Server-side scripting

Graph.serialize() returns a string with (a portion of) the HTML, CSS and JavaScript source code of the visualization. It can be used to serve a dynamic web page. With type=CANVAS, it returns a HTML string with a <div id="graph"> that contains the canvas.js animation. With type=DATA, it returns a Javascript string that initializes the Graph in variable g (which will draw to ctx).
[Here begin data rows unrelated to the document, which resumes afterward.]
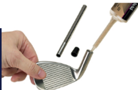
High impact resistance for strong durable bonds.

On the overleaf there is just a small selection of our 3M™ EPX Adhesives. We offer many more products within this range. If you have a requirement you would like to discuss please contact your Area Sales Manager or nearest branch.
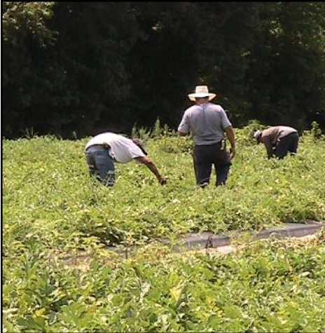
Workers check on crops at Cold Mountain Farm.
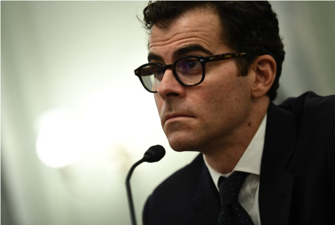
Instagram CEO Adam Mosseri testifies at a US Senate hearing.

Instagram's boss on Wednesday pushed a rosy view of the photo-sharing app's impact on teens in testimony to US lawmakers that was at odds with damning news reports based on the firm's own research.
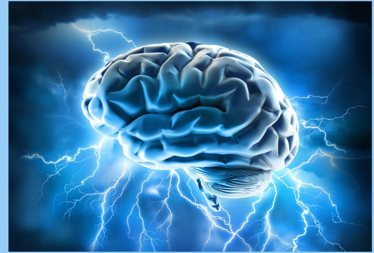
Exhibit Prospectus -Virtual Conference
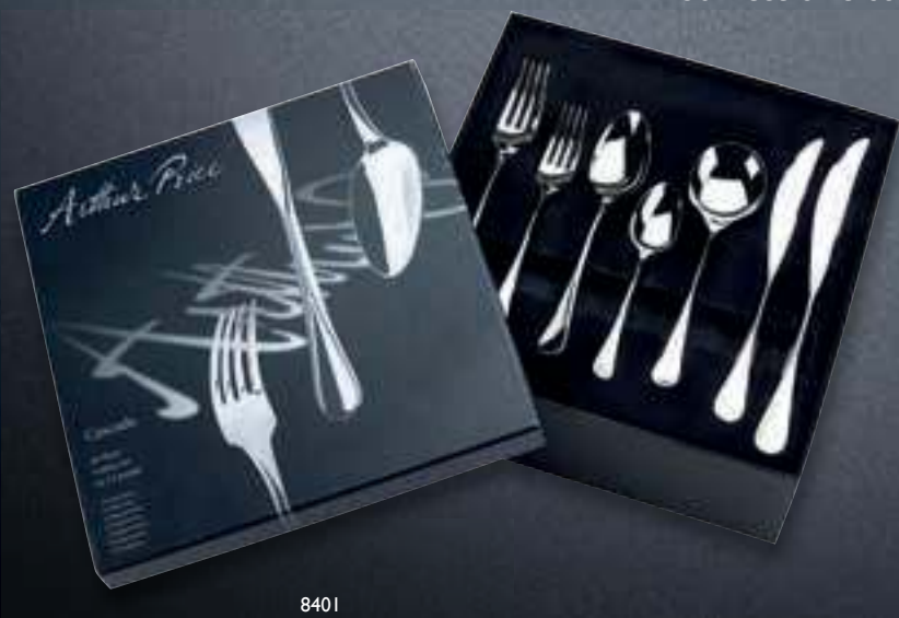
8401 84 Piece 12 Person Gift Boxed Set
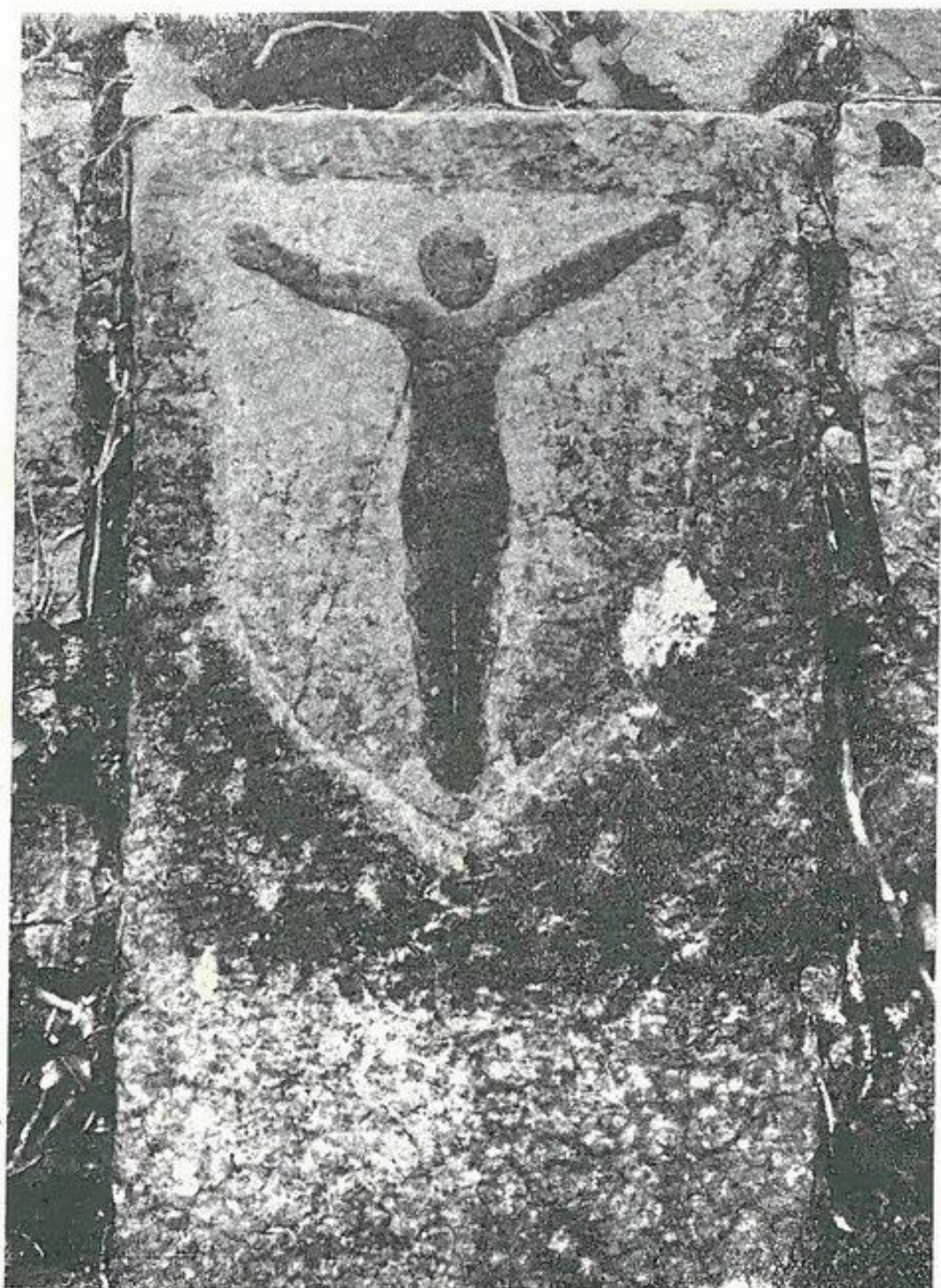
CROSS AT LUDDEN PARISH BURIAL GROUND.

graph.serialize(type=HTML, **kwargs) # HTML | CSS | CANVAS | DATA
>>> import cherrypy
>>> 
>>> class Visualization(object):
>>>     def index(self):
>>>         return (
>>>             '<html>'
>>>             '<head>'
>>>             '<script src="canvas.js"></script>'
>>>             '<script src="graph.js"></script>'
>>>             '</head>'
>>>             '<body>' + g.serialize(CANVAS, directed=True) +
>>>             '</body>'
>>>             '</html>'
>>>         )
>>>     index.exposed = True 
>>> 
>>> cherrypy.quickstart(Visualization())

 


graph.js

Below is a standalone demonstration of graph.js, without using export() or canvas.js. The Graph.loop() method fires the spring layout algorithm (view live demo).

<!doctype html> 
<html>
<head> 
    <meta charset="utf-8">
    <style>
        #graph { display: block; position: relative; overflow: hidden; }
        #graph .node-label { font: 11px sans-serif; }
    </style>
    <script src="graph.js"></script>
    <script>  
    function spring() {
        SHADOW = 0.65 // slow... 
        g = new Graph(document.getElementById("_ctx"));
        // Random nodes. 
        for (var i=0; i < 50; i++) { 
            g.addNode(i+1);
        }
        // Random edges. 
        for (var j=0; j < 75; j++) { 
            var n1 = choice(g.nodes);
            var n2 = choice(g.nodes);
            g.addEdge(n1, n2, {weight: Math.random()});
        }
        g.prune(0);
        g.betweennessCentrality();
        g.eigenvectorCentrality();
        g.loop({frames:500, fps:30, ipf:2, weighted:0.5, directed:true});
    }
    </script>
</head>
<body onload="spring();"> 
    <div id="graph" style="width:700px; height:500px;">
        <canvas id="_ctx" width="700" height="500"></canvas>
    </div>
</body>
</html> 

 


See also

  • Gephi (GPL): network analysis & visualization GUI.
  • NetworkX (BSD): network analysis toolkit for Python + NumPy.
  • NodeBox (BSD): graphics toolkit for Python + OpenGL.